The land that we call ‘Canada’ was not always called so. The history of Canada is the history of settler colonialism—the sustained project of the displacement and replacement of this land’s Indigenous peoples with white colonizers to further the goals of white, imperial capital. As much as some would like to ignore it, this is Canada’s past and present. This month’s essay will provide a short introduction to settler colonialism as a term, and relate it directly and critically to national myths. This essay is in no way intended to be expansive or exhaustive in its examination of settler colonialism. Rather, my hope is that this will be an entry point for people who have not thought about the history of Canada and of colonization in this specific way to think more critically about our past, present and future on this land that we now call ‘Canada.’
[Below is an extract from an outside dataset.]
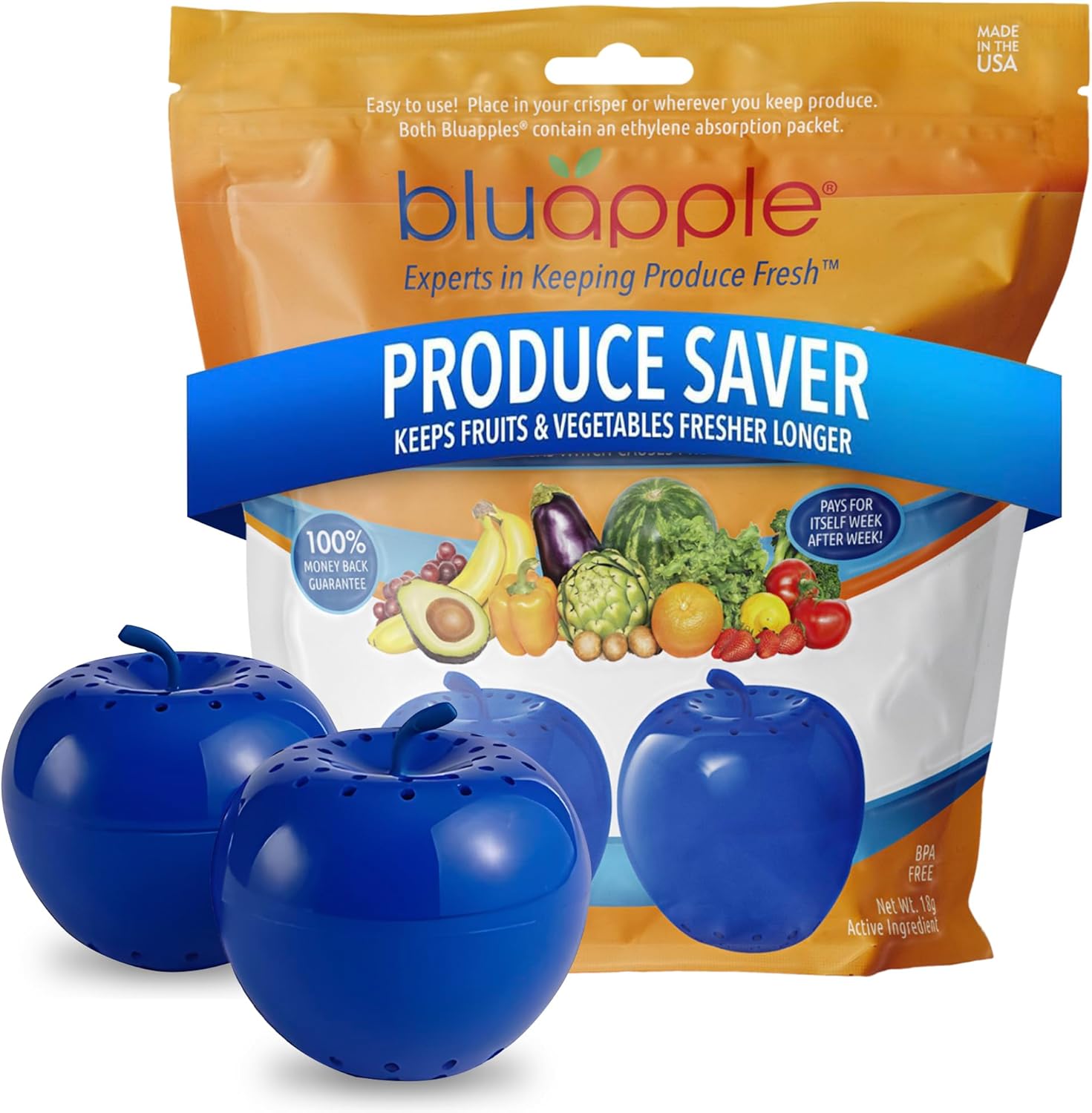 KEEP YOUR FRUITS & VEGGIES FRESH: Meet the Bluapple Produce Saver, the ultimate fruit and vegetable preserver to reduce food waste and enjoy your produce in its best-tasting, nutrient-rich condition! With Bluapple by your side, you can say goodbye to throwing away so much unused produce that has passed its prime.

What is settler colonialism?

Settler colonialism is defined by a few key points that separate it from other forms of colonialism. Put at its absolute simplest, settler colonialism is the systematic and violent replacement of Indigenous peoples and societies with a settler society that has “come to stay”. This is in contrast to other forms of colonialism, where the colonizers may ‘set up shop’ to exploit native labour, but they do not come to stay or build a society that is designed to replace the Indigenous one. Examples of settler-colonial societies include Canada, the United States, Australia and New Zealand, in contrast to more ‘extractive’ colonies like the British, Portuguese and French presences in the Indian subcontinent.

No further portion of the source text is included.